There’s an ethnic look about her. Hispanic, or maybe even SlotMonger—hard to tell. Either way, there’s an untainted aura about her that makes it clear she doesn’t belong here. Or at least doesn’t belong here yet. Clearly she’s a good girl who’s “slumming it” and looking for low love. And it doesn’t get lower than Morton Fretwell.
He breaks eye contact first, and handily sinks his next ball—a tough bank shot. The attention from this somewhat pretty girl improves his mojo. Girls who are actually looking for a guy like him are few and far between, so he’s quick to make his move. He grabs a second cue stick, and saunters over to the booth where she sits.
“Name’s Morty,” he says “You play?”
“A little,” she answers, stirring the swizzle stick of a drink that she doesn’t seem to have touched.
He hands her the cue. “C’mon, I’ll rack them up.” She hasn’t told him her name yet. He’s confident that she will. He leads her back to the pool table. He lets her break. She takes the stroke with confidence, and the balls scatter at the far end of the table with a hearty crack. You can tell a lot about a person by the way they play pool. This is a girl who knows what she wants. Fretwell is determined to learn exactly what that is.
“New in town?” he asks.
“Just passing through.”
She smiles at him and he runs his tongue across his teeth, checking for pizza debris, before smiling back. Then he sinks the seven ball, claiming solids, but intentionally misses the next shot to give her a fighting chance.
“Where ya from?”
“Doesn’t matter as much as where I’m going,” she says playfully.

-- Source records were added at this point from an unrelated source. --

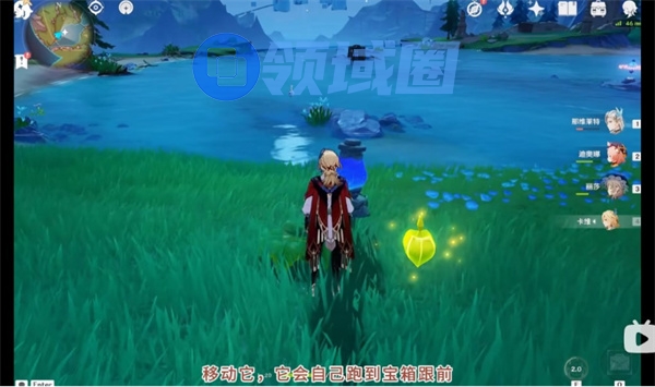 3、出现水元素晶体,选择【移动】,晶体会自动移动到宝箱旁。
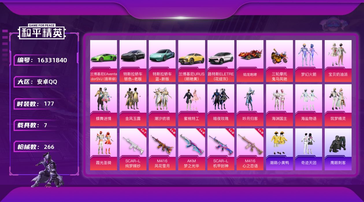 [16331840]【特价出售/店主推荐】安卓 手Q-12粉装-5特效枪-7载具-6粉色飞行器-95983热力值-11王牌印记-177套装-266枪皮【热门品类】:粉装-梦幻火箭,套装-浪漫天命,套装-龟仙人,套装-潮萌小黄鸭,套装-暗影哥特【粉色套装】:粉装-宝贝奶油派,粉装-蝶舞迷情,粉装-梦幻火箭,粉装-金风玉露,粉装-潮汐统领,粉装-蜜桃特工,粉装-暗夜玫瑰,粉装-吟月归客,粉装-海渊国主,粉装-海盐物语,粉装-筑梦精灵,粉装-霞光圣骑【粉色枪皮等级】:AKM-梦之光华(五级),SCAR-L-机甲封神(五级),SCAR-L-纯梦嫁纱(七级),M416-心之恋语(五级),M416-风花雪月(六级)【粉色载具】:特斯拉Model 3(冷光银),特斯拉Roadster(水滴蓝),兰博基尼Aventador SVJ(翡翠绿),兰博基尼URUS(明艳黄),路特斯ELETRE(花绽灰),焰龙咆哮,鬼马风驰【粉色枪皮】:AKM-梦之光华,SCAR-L-机甲封神,SCAR-L-纯梦嫁纱,M416-心之恋语,M416-风花雪月【粉色飞行器】:春暖花开飞行器,梦幻火箭飞行器,炫紫旋律飞行器,古堡领主飞行器,风花雪月飞行器,萌物绒绒飞行器
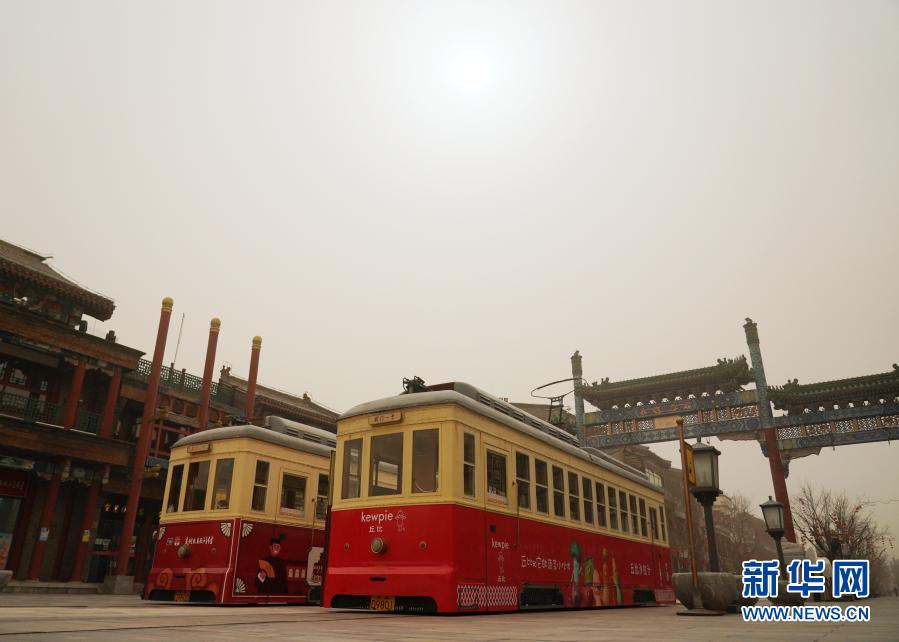 3月15日拍攝的北京前門商業(yè)街。當(dāng)日,我國北方多地出現(xiàn)沙塵天氣。新華社記者 張晨霖 攝
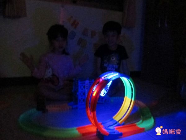 組好後馬上想玩夜光軌道!哈,當然要關燈啦~~從沒玩過一個玩具要指名關燈的XD
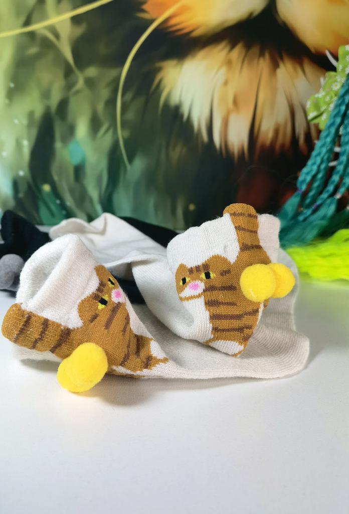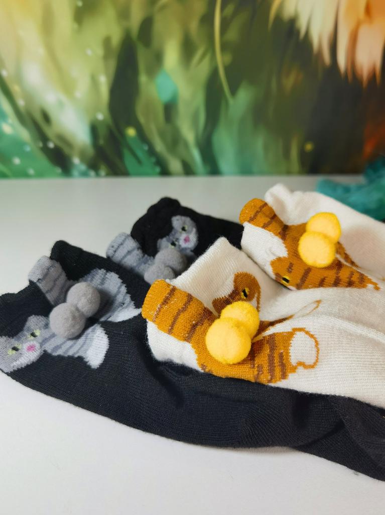 Damen Niedliche Lustige Katze Ins Koreanischer Stil Mittelhohe Socken Dreidimensionaler Ball Kreative Socken
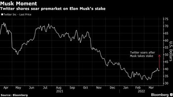 ارتفعت أسهم تويتر حوالي 26٪ في عمليات ما قبل السوق بعد الكشف عن شراء ماسك يوم الاثنين في وثيقة تنظيمية. تبلغ قيمة السهم حوالي 2.89 مليار دولار أمريكي، بناءً على قيمة إغلاق السوق يوم الجمعة.
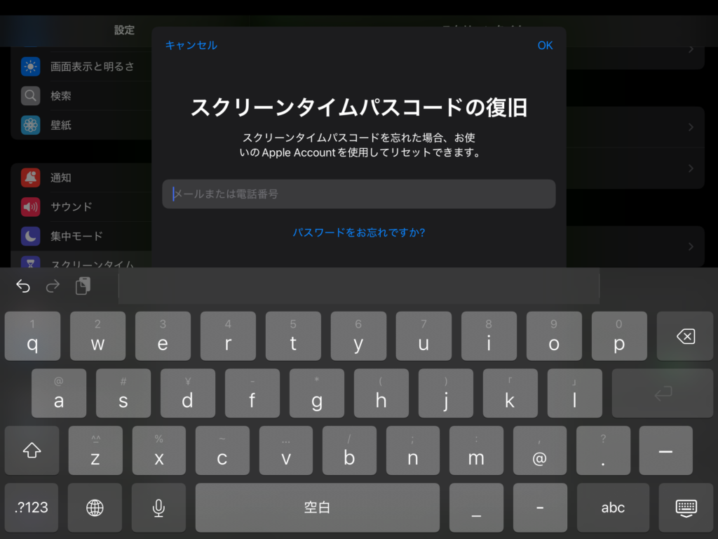 パスコード入力後にApple Accountを入力することで、パスコードを失念した場合でもリセットが可能です。
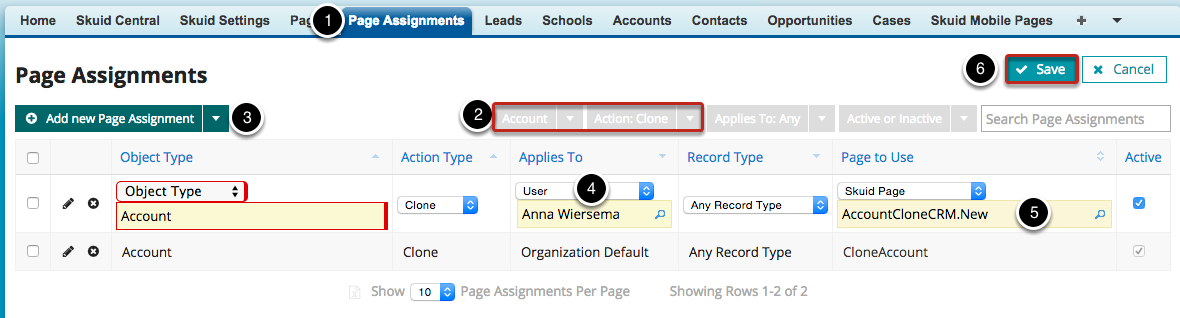 1. Goes to a page assignment that then directs users to the appropriate clone page. (Replace “Account” with your own object type.)
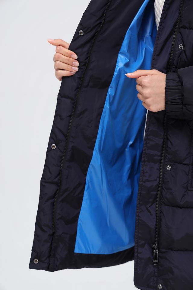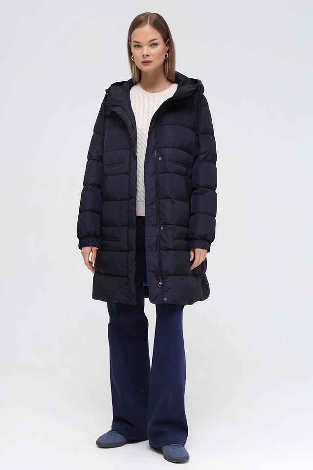 Куртка имеет прямой крой и длину до середины икры, что обеспечивает дополнительное тепло и комфорт. Капюшон со шнурком позволяет регулировать степень защиты от ветра и осадков. Застежка-молния с ветрозащитной планкой надежно защищает от холода.
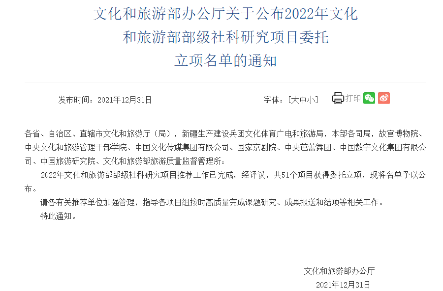 近日,文化和旅游部办公厅正式公布2022年文化和旅游部部级社科研究项目委托立项名单,我院石培华教授申报的课题《旅游健康风险分析及服务模式研究》获得文化和旅游部部级社科研究项目委托立项资助。
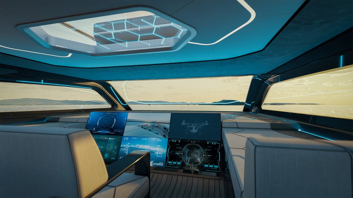 L’innovazione tecnologica abbraccia l’esperienza a bordo attraverso sei grandi monitor indipendenti, situati difronte all’area lounge, che offrono agli ospiti la possibilità di vivere esperienze singole o condivise, dalla visione di film alla musica, passando per itinerari cartografici e persino la prospettiva aerea fornita da un drone. Questo approccio all’intrattenimento a bordo trae ispirazione dal mondo ferroviario, in particolare dal celebre treno “Settebello”, rivisitando l’idea di osservazione e comando in una chiave marittima moderna.
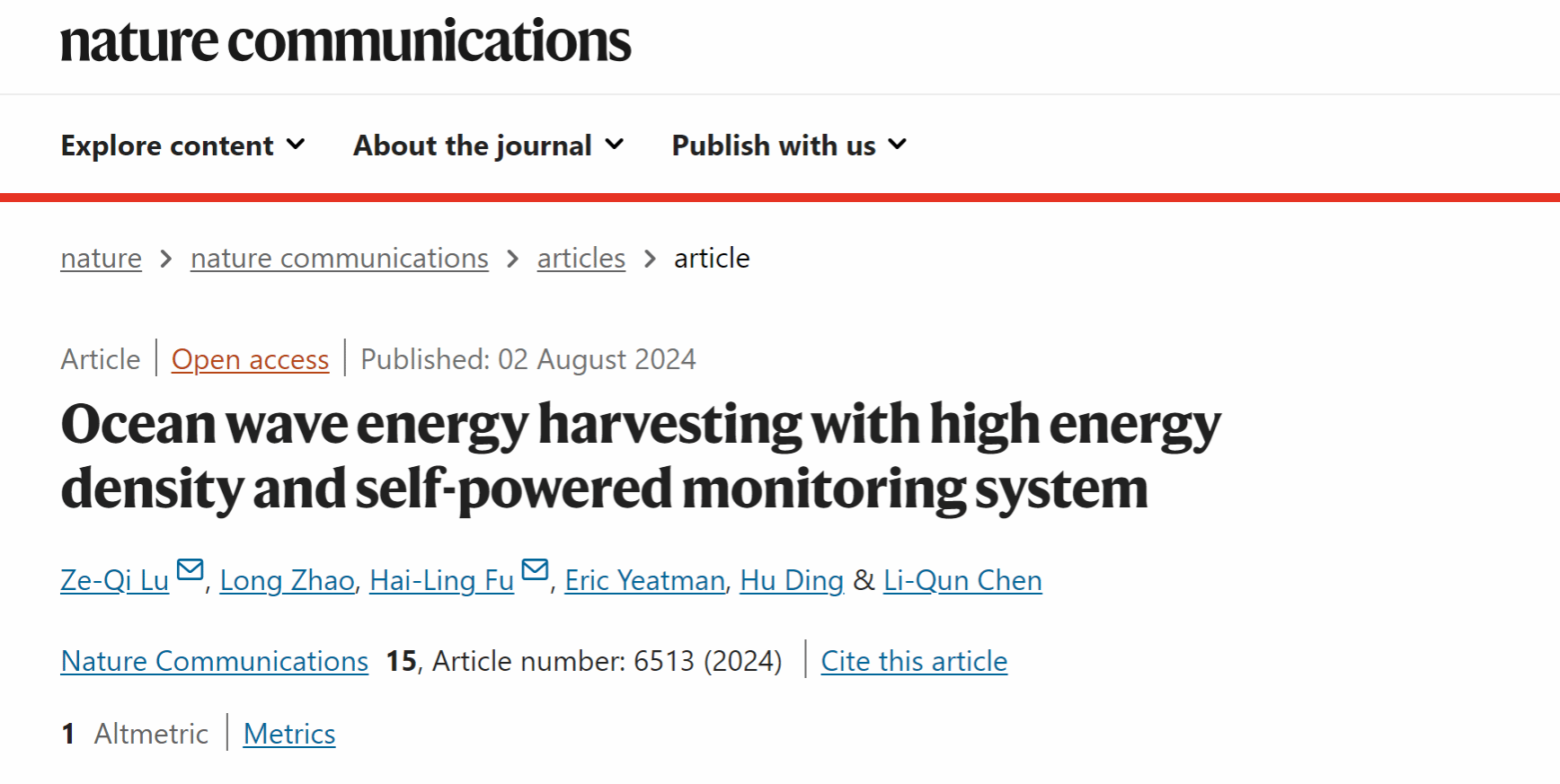 本研究获得国家自然科学基金(Nos. 12272210; 11872037; 11572182)的资助。全文链接:https://doi.org/10.1038/s41467-024-50926-5。论文索引信息:Lu, ZQ., Zhao, L., Fu, HL.,Yeatman, E., Ding, H., Chen, L. Ocean wave energy harvesting with high energy density and self-powered monitoring system. Nat Commun 15, 6513 (2024).

Fretwell willingly takes the bait. “And where might that be?”
She takes a shot and sinks the twelve ball. “Victory,” she answers.
“Nice,” he says with a grin. She misses her follow-up shot, and he puts her in her place by dropping three in a row. “Might have to work for it, though.”
Her long ponytail swishes past him as she slides by to take her next shot. It makes him shiver. She still hasn’t told him her name. Maybe that doesn’t matter.